§ INPUT DATA:
- Opening Delimiter -
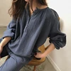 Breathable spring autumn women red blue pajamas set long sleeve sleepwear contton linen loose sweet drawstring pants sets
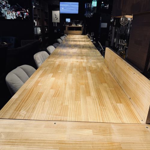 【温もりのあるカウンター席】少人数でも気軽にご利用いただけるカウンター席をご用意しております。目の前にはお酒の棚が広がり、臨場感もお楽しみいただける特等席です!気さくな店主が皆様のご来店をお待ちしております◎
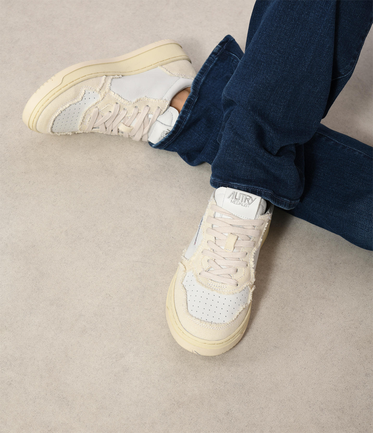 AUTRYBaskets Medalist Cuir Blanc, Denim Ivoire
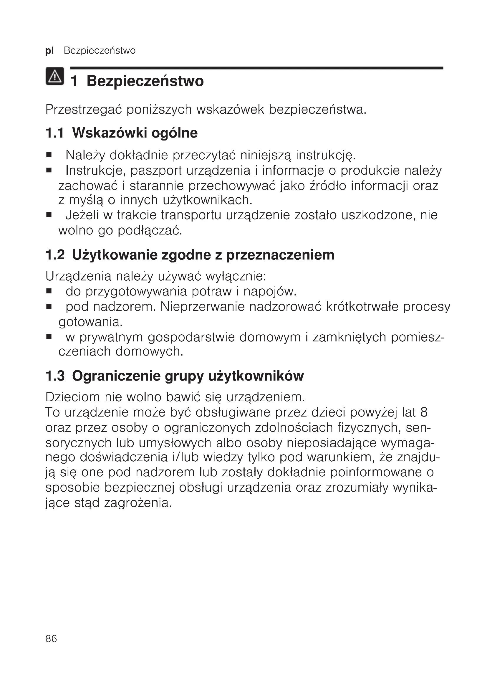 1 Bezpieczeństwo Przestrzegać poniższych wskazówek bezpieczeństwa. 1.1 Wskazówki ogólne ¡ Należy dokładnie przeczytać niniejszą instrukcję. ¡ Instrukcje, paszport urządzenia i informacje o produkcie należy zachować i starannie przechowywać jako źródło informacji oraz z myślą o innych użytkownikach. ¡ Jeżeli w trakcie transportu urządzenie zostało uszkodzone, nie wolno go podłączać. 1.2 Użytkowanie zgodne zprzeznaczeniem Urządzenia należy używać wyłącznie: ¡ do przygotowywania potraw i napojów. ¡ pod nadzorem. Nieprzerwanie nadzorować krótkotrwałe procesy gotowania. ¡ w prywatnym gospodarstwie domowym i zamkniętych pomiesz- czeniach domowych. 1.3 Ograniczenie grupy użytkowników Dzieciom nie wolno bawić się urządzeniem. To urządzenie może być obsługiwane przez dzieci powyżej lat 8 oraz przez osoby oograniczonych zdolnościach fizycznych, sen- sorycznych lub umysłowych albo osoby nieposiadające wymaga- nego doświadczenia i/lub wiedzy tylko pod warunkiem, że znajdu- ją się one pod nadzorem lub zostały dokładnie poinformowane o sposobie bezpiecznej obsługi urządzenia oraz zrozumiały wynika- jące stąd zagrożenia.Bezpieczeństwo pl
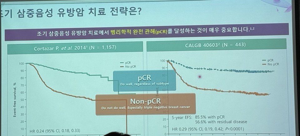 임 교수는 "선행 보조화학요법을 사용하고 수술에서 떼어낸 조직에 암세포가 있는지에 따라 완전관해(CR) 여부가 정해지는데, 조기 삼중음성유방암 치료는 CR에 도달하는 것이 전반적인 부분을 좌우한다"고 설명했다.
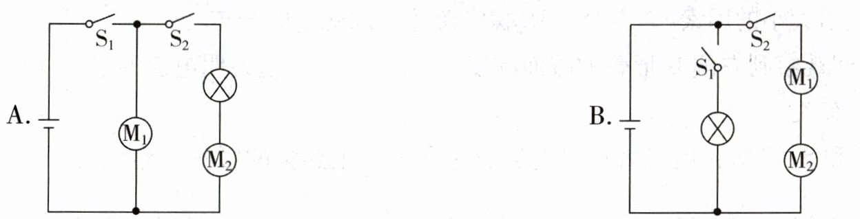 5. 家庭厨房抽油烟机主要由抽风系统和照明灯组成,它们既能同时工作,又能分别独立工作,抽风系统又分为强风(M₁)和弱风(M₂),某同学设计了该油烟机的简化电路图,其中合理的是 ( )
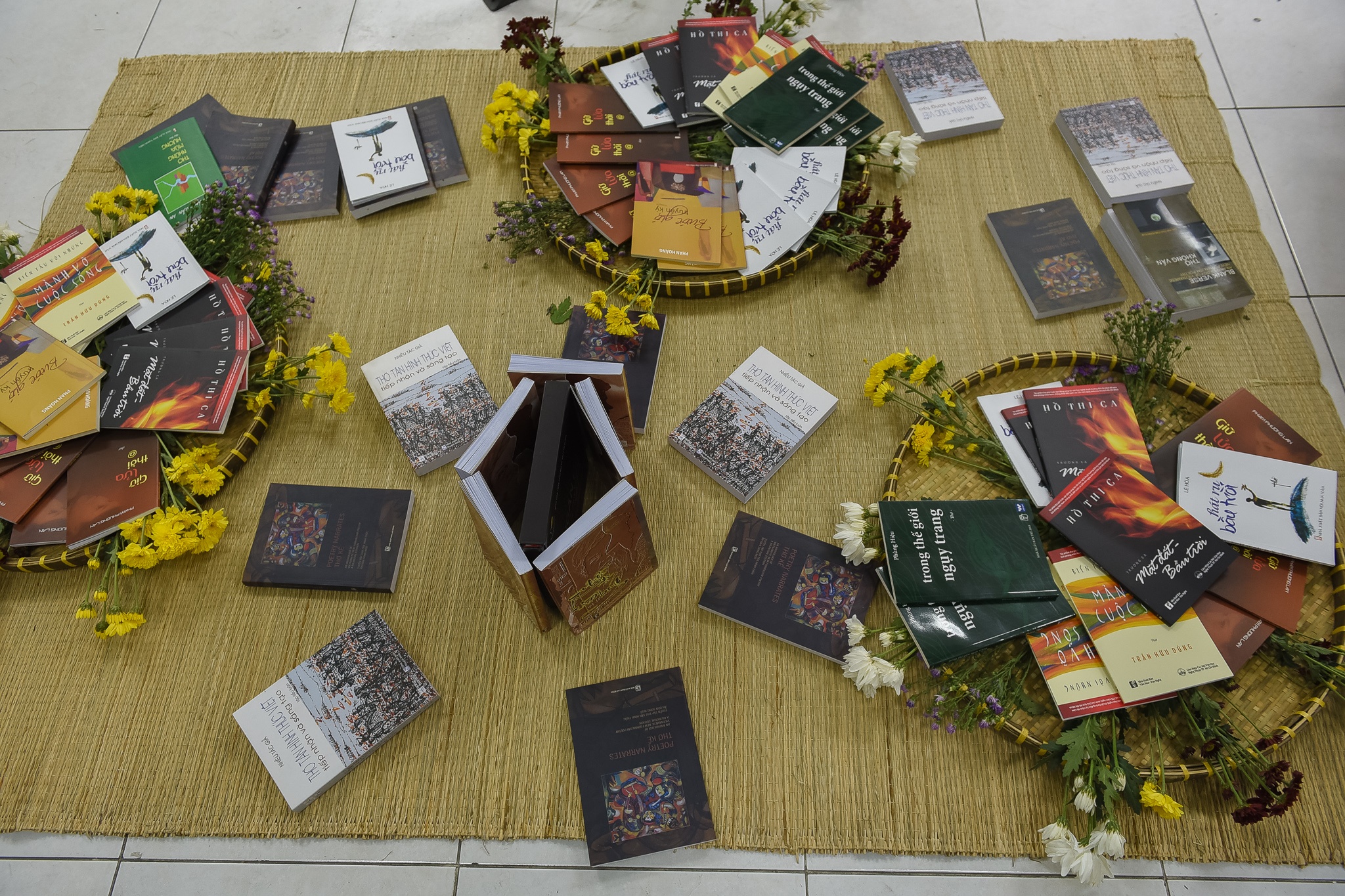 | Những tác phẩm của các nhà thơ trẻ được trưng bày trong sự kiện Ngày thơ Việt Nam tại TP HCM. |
- Closing Delimiter -
Leaving the pictures behind, return every line above exactly.

 Breathable spring autumn women red blue pajamas set long sleeve sleepwear contton linen loose sweet drawstring pants sets
 【温もりのあるカウンター席】少人数でも気軽にご利用いただけるカウンター席をご用意しております。目の前にはお酒の棚が広がり、臨場感もお楽しみいただける特等席です!気さくな店主が皆様のご来店をお待ちしております◎
 AUTRYBaskets Medalist Cuir Blanc, Denim Ivoire
 1 Bezpieczeństwo Przestrzegać poniższych wskazówek bezpieczeństwa. 1.1 Wskazówki ogólne ¡ Należy dokładnie przeczytać niniejszą instrukcję. ¡ Instrukcje, paszport urządzenia i informacje o produkcie należy zachować i starannie przechowywać jako źródło informacji oraz z myślą o innych użytkownikach. ¡ Jeżeli w trakcie transportu urządzenie zostało uszkodzone, nie wolno go podłączać. 1.2 Użytkowanie zgodne zprzeznaczeniem Urządzenia należy używać wyłącznie: ¡ do przygotowywania potraw i napojów. ¡ pod nadzorem. Nieprzerwanie nadzorować krótkotrwałe procesy gotowania. ¡ w prywatnym gospodarstwie domowym i zamkniętych pomiesz- czeniach domowych. 1.3 Ograniczenie grupy użytkowników Dzieciom nie wolno bawić się urządzeniem. To urządzenie może być obsługiwane przez dzieci powyżej lat 8 oraz przez osoby oograniczonych zdolnościach fizycznych, sen- sorycznych lub umysłowych albo osoby nieposiadające wymaga- nego doświadczenia i/lub wiedzy tylko pod warunkiem, że znajdu- ją się one pod nadzorem lub zostały dokładnie poinformowane o sposobie bezpiecznej obsługi urządzenia oraz zrozumiały wynika- jące stąd zagrożenia.Bezpieczeństwo pl
 임 교수는 "선행 보조화학요법을 사용하고 수술에서 떼어낸 조직에 암세포가 있는지에 따라 완전관해(CR) 여부가 정해지는데, 조기 삼중음성유방암 치료는 CR에 도달하는 것이 전반적인 부분을 좌우한다"고 설명했다.
 5. 家庭厨房抽油烟机主要由抽风系统和照明灯组成,它们既能同时工作,又能分别独立工作,抽风系统又分为强风(M₁)和弱风(M₂),某同学设计了该油烟机的简化电路图,其中合理的是 ( )
 | Những tác phẩm của các nhà thơ trẻ được trưng bày trong sự kiện Ngày thơ Việt Nam tại TP HCM. |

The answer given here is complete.